Baby Boom - Préambule

Dois-je remercier TF1 qui s’apprête à m’offrir matière à d'acides chroniques au cas où je manquerais d’inspiration ?

La seule présentation me fait déjà frissonner.

Une quarantaine de caméras ... Irruption présentée ainsi dans l'extrait vidéo «des caméras se sont invitées au moment le plus intime et le plus magique de la vie d’un couple ». Choix judicieux que d’aller envahir ces instants d’intimité.
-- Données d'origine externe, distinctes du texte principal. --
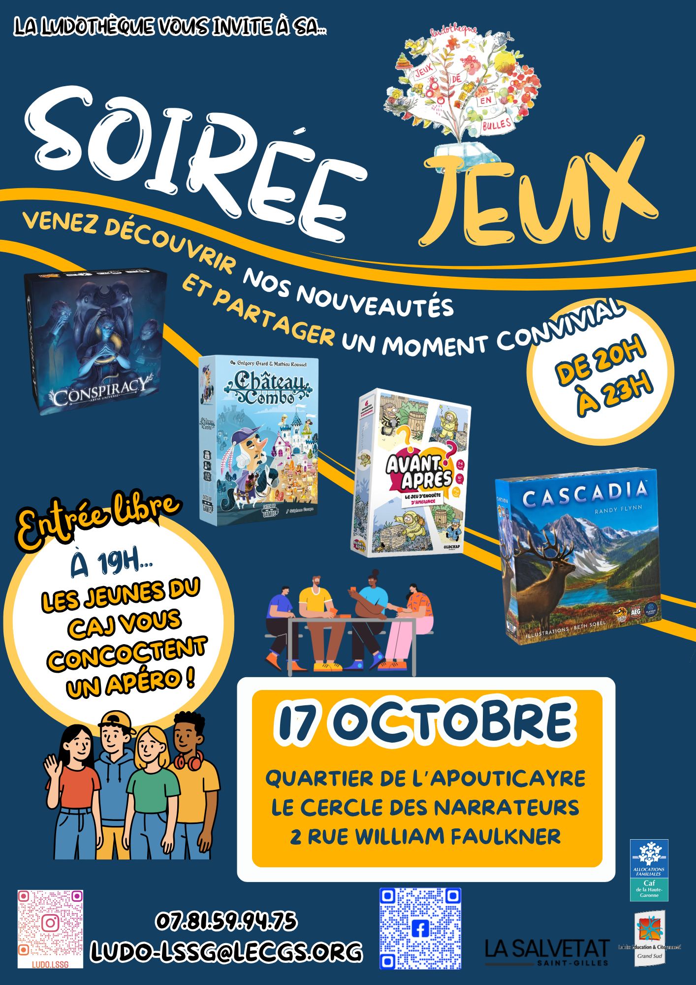 L’agenda permet de facilement connaitre les dates des futurs événements comme les festivals de jeux, les soirées jeux des associations ludiques ou autres animations autour du jeu.
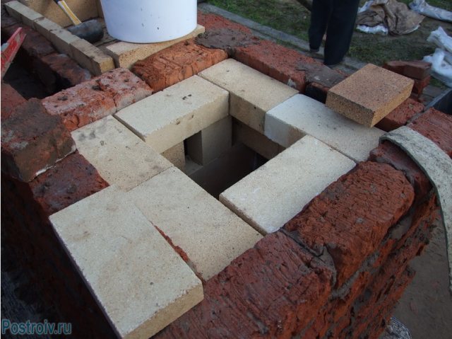 - Зидарията на камината продължава до 21-ви ред. Освен това, тя е покрита по същия начин като ниша под пепелника, само полагането се извършва в половината от тухла - месар.
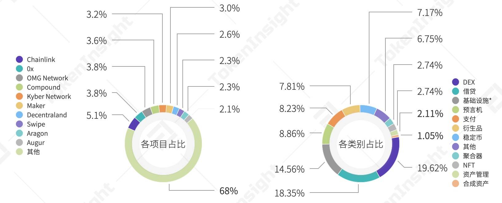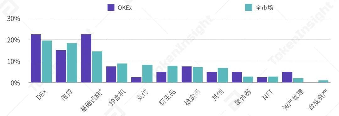 TokenInsight Research对OKEx上线的DeFi代币进行进一步分析。OKEx所上线的DeFi代币种类分布和全行业主流交易所上线的DeFi代币种类分布趋势基本一致。平台在对于DEX、基础设施、稳定币、聚合器和资产管理类项目的上线上高于行业均值;而在借贷和预言机等项目的上线上低于行业平均。
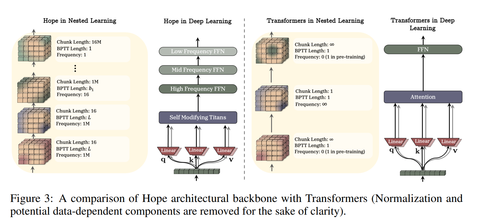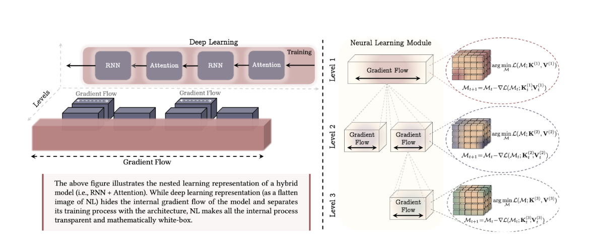 而右图(Neural Learning Module):*是论文的核心视角,它将模型看作一个个嵌套的立方体,每一个立方体代表一个“优化问题” ,从而实现不同 Level 的连续频谱,每一层都有自己的梯度流(Gradient Flow)和更新目标。
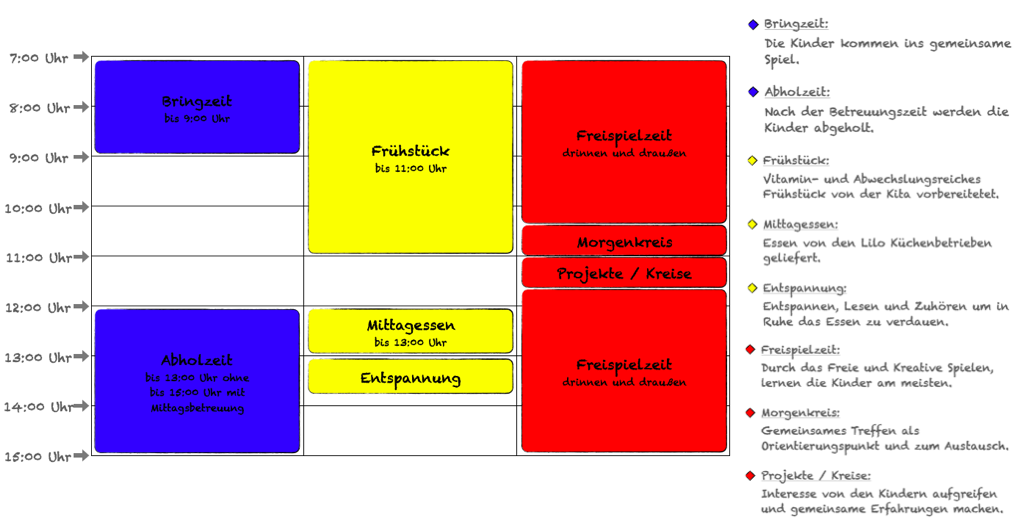 - tägliche Bildungsangebote, für die sich die Kinder eigenverantwortlich nach Ihren Interessen entscheiden können
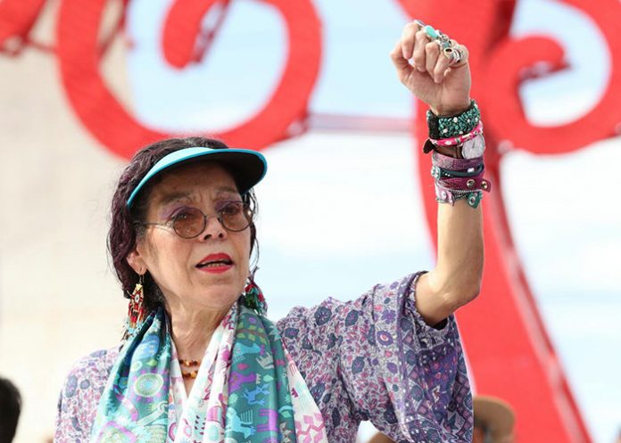 Rosario Murillo, Vicepresidenta de la República de Nicaragua, se dirigió este miércoles 19 de julio desde la Plaza La Fé, ante miles de nicaragüenses al celebrarse el 38 aniversario del triunfo de la Revolución Popular Sandinista.
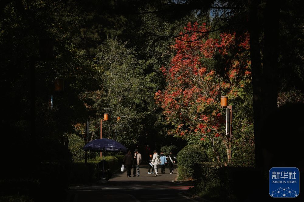 ↑ 10月5日,人們?cè)谀暇┲猩搅昃皡^(qū)游覽。新華社記者 李賀 攝

Volonté louable d'offrir à chacun, nouveau-né compris, son quart d'heure de gloire wharolien...

- Nouveau divertissement - T’as raison coco, ces moments mêlant amour, peur, confiance, douleur, instinct, inconscient, vie et mort ne sont que purs moments de divertissements.

-"On bloque et on pousse bien en bas" - L'utilisation de ce pronom indéfini en lieu et place d'un nom ou mieux encore d'un prénom m'exaspère ! Comment n’exister que par cette apostrophe impersonnelle lors de ce moment fondateur ?

-"On y va, on s'accrocheJ’aime cette combativité invitée par les mots. Mais l'appel pourrait être plus fort. Laissez-moi chercher … "à l’assaut" ?

- Hurle la sage-femme - Ben oui, à l’assaut quoi, quasi une question de vie ou de mort … C’est bon pour l’audimat ça coco !

- Le papa s’évanouit submergé par l’émotion - Un trop plein d’angoisse nourri par les hurlements de la sage-femme... ?

Ceci ne dure que 28 secondes, montage haché de brèves séquences pour appâter le chaland. Mais ces extraits et la présentation qui en est faite laissent augurer du pire.